The treatment plant also plays an important role in environmental preservation by reducing the amount of organic matter, nitrogen and phosphorus that is released into the environment. This is accomplished by a series of biological carbon and nitrogen conversion processes such as methanogenesis, denitrification and nitrification.
The centralized water treatment plant is generally located near the source of the drinking water that it treats. This allows it to benefit communities closer to the treatment plant. However, the transportation cost of supplying this water to regions that are far away limits its availability and benefits.
Disinfection
The disinfection process kills the pathogens in the raw water, thus eliminating many diseases that cause people to get sick. Examples of these include typhoid and paratyphoid fevers, cholera, salmonellosis and shigellosis. The treatment plant uses basic physics and high technology to purify the water so that it is safe to drink.

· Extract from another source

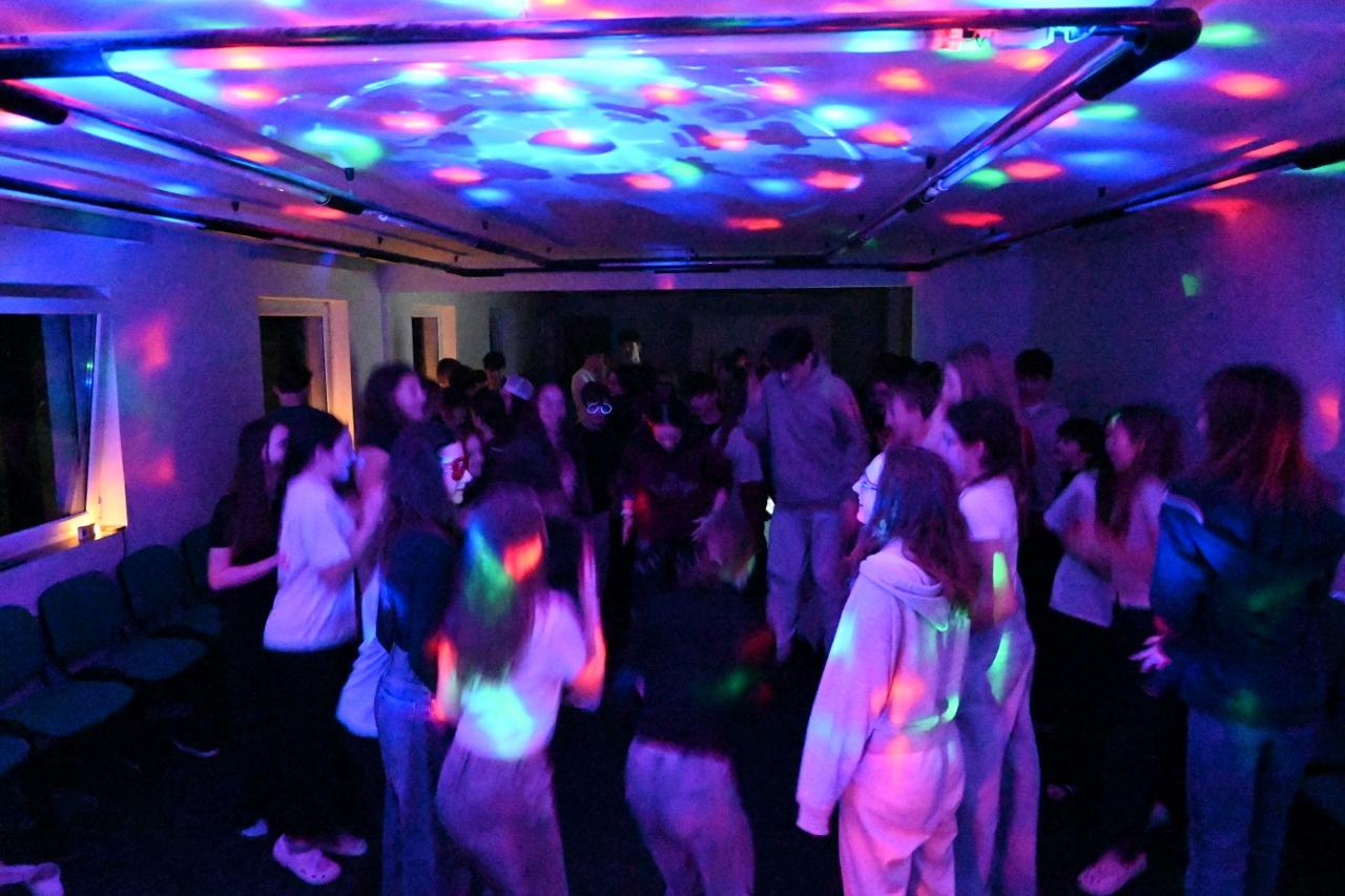 Večery patřily přednáškám o bezpečnosti na horách a lyžařském vybavení, promítání filmu a diskotékám. Nenechali jsme si ujít ani hokejové utkání národního týmu na olympijských hrách proti Kanadě. Během odpočinkového dne se žáci vydali na procházku do Pece pod Sněžkou. Odpolední program pak patřil zábavě: soutěže a hry v hotelovém bazénu, virtuální realita, řešení imaginárního minového pole nebo turnaj ve hře Dobble. O dobrou atmosféru tak nebyla nouze ani mimo svah.

The oxidizing disinfectants in the plant, such as chlorine and permanganate, demolish organic material in the water and leave behind only inorganic substances. This prevents the microorganisms from being able to absorb essential nutrients, so they die out. Disinfection also provides a bactericidal effect against low level pollution in the mains distribution network and stops germs from passing on in resistant (endospores) or reproductive forms (cysts).
Water quality in the disinfection stage varies widely between ground and surface water sources, with different regional geochemistry affecting the water composition. Various treatments are used to remedy undesirable characteristics of the raw water, such as color, taste, and turbidity. These treatment processes can also affect the disinfection process itself, as they may influence the rate at which disinfectant reacts with and consumes the impurities in the water. This is known as the disinfectant demand of the water, and it must be satisfied to achieve adequate disinfection.
The concentration of the residual disinfectant in the water and the length of time it is in contact with the organisms in the water are important factors in determining how effective the disinfection is. The disinfection kinetics is governed by the CT concept (disinfectant concentration C, in mg/L, and time T, expressed in minutes, that the residual disinfectant remains in contact with the water).